Daha önce bir çok toplantıya katıldığını fakat EÇADEM Sempozyumu'nu çok anlamlı bulduğunu söyleyerek konuşmasına başlayan Kağıthane RAM Müdürü Metin Onur, özel eğitim kurumlarını ele aldı. Özel eğitim hizmetlerinin verildiği yerlerden biri özel eğitim ve rehabilitasyon merkezleri olduğunu katılımcılara anlatan Onur, ‘'Eğitimin temel sorunun entelektüel sınırlılıktır'' diyerek özel eğitim gerektiren bireylerin engellilik halinin ortadan kaldırılmasını ya da etkilerinin en az seviyeye indirilerek yeteneklerinin en üst seviyeye çıkarılmasını yani yaşam becerilerinin gelişmesi için özel eğitim merkezlerinin öneminden bahsetti.

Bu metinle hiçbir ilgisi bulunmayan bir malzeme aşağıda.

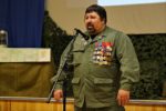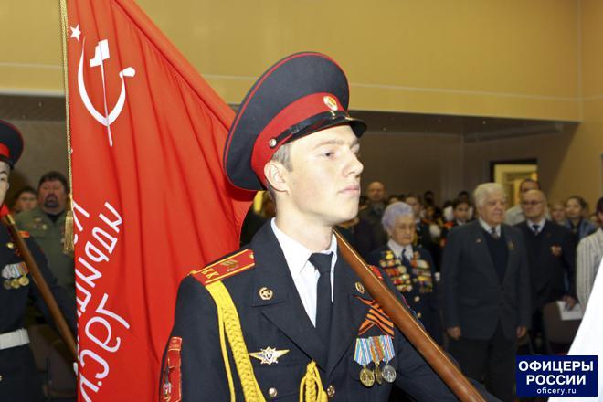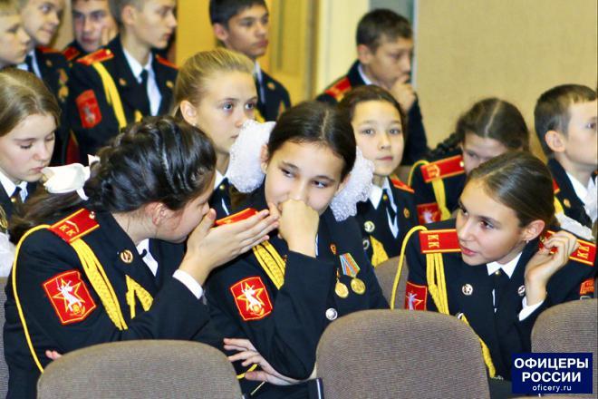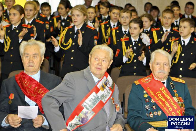 Мероприятие продолжилось в актовом зале кадетской школы. К гостям и кадетам с приветственным словом обратились директор учебного заведения Ирина Ионова, а также член Наблюдательного совета Общероссийской общественной организации «ОФИЦЕРЫ РОССИИ», бывший командир отряда специального назначения «Витязь» Николай Соловьев. Он пожелал кадетам успехов в учебе, а ветеранам войны – здоровья и благополучия.

'Engelli Bireyleri Topluma Kazandırmanın En Önemli Yolu Onları İş Sahibi Yapmaktır''

Engellilerde Meslek Eğitim konusunu anlatan Şehit Üstteğmen Ali Büyükdicle Engelli Okulu ve İş Eğitimi Merkezi Müdürü Handan Taşdemir ise, bireylerin yaşamlarını devam ettirebilmeleri için bir işe sahip olmak zorunda olduğunu söyledi ve tüm toplum için gerekli olan bu durum özellikle engelliler için daha da önemli olduğu belirtti. Taşdemir; ‘'Engelli bireyleri topluma kazandırmanın en önemli yolu onları eğitmek ve bir iş sahibi yapmaktır‘' diyerek bu konuda yerel yönetimlerin rolünün azımsanamaz olduğunu dile getirdi ve Sarıyer Belediyesi'nde de bunun en güzel örneği olduğunu söyledi.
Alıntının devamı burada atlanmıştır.